◆ **The data**
______

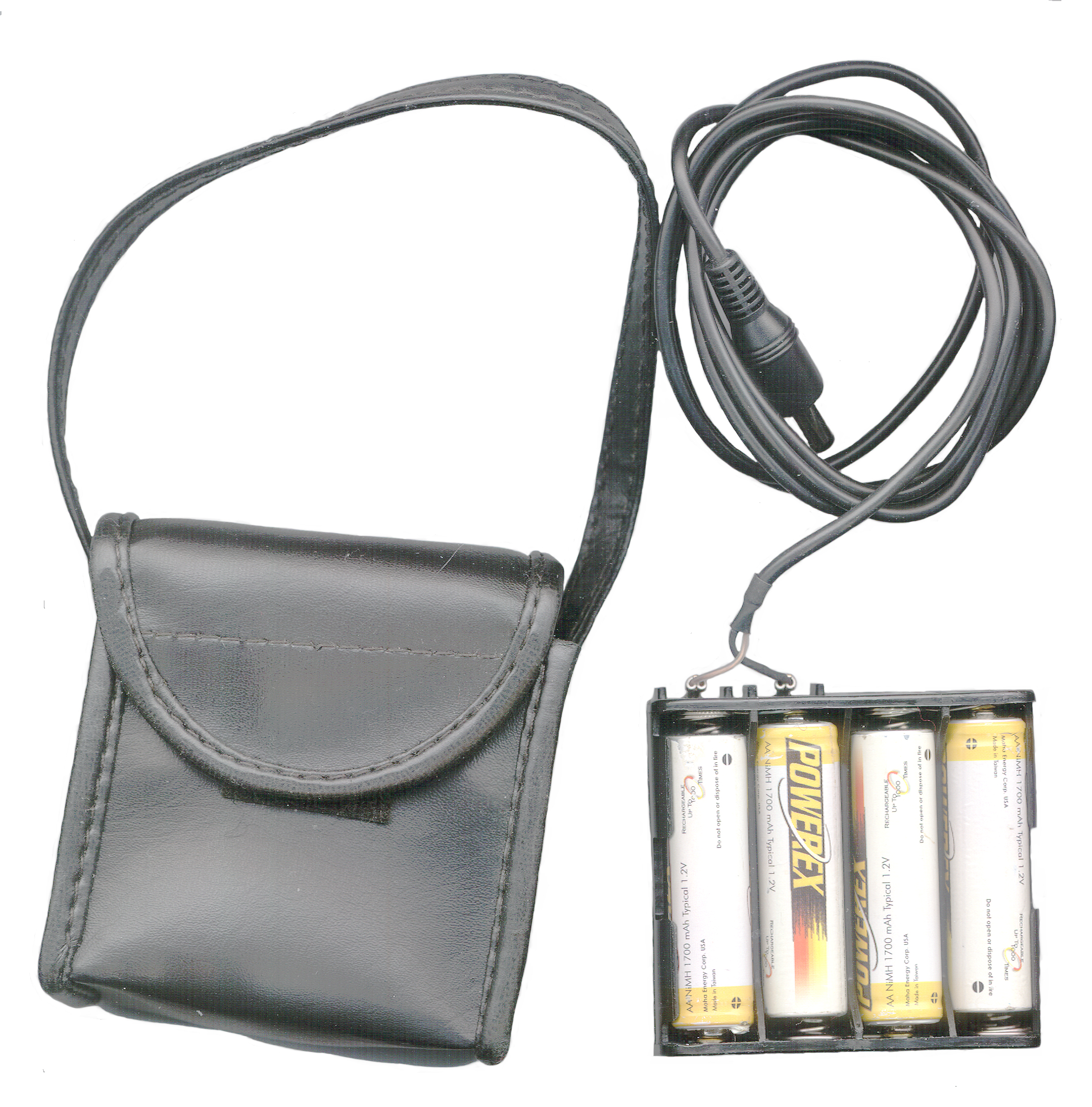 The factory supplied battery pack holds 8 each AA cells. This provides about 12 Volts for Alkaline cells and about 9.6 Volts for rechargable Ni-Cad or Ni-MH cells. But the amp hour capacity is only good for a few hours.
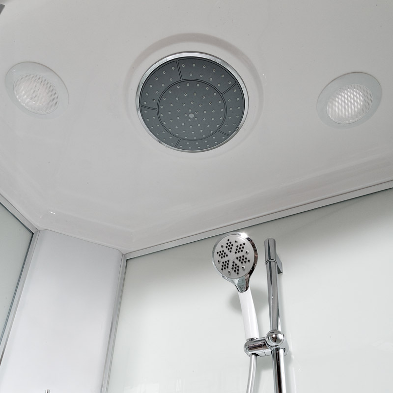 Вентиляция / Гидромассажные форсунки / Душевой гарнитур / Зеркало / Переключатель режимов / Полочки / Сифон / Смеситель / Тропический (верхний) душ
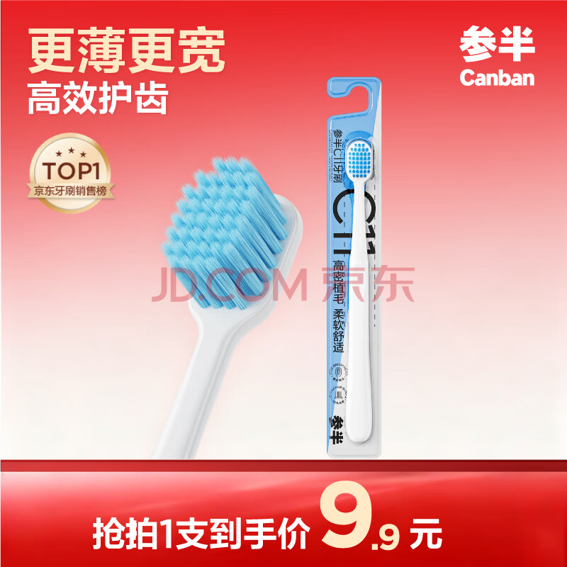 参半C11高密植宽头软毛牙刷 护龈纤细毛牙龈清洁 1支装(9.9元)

______

◆ **What is expected**
All lines from the beginning of the material through the line that holds "Вентиляция / Гидромассажные", both included, should be returned exactly; please omit any pictures and add no other lines.

◆ **Response**
 The factory supplied battery pack holds 8 each AA cells. This provides about 12 Volts for Alkaline cells and about 9.6 Volts for rechargable Ni-Cad or Ni-MH cells. But the amp hour capacity is only good for a few hours.
 Вентиляция / Гидромассажные форсунки / Душевой гарнитур / Зеркало / Переключатель режимов / Полочки / Сифон / Смеситель / Тропический (верхний) душ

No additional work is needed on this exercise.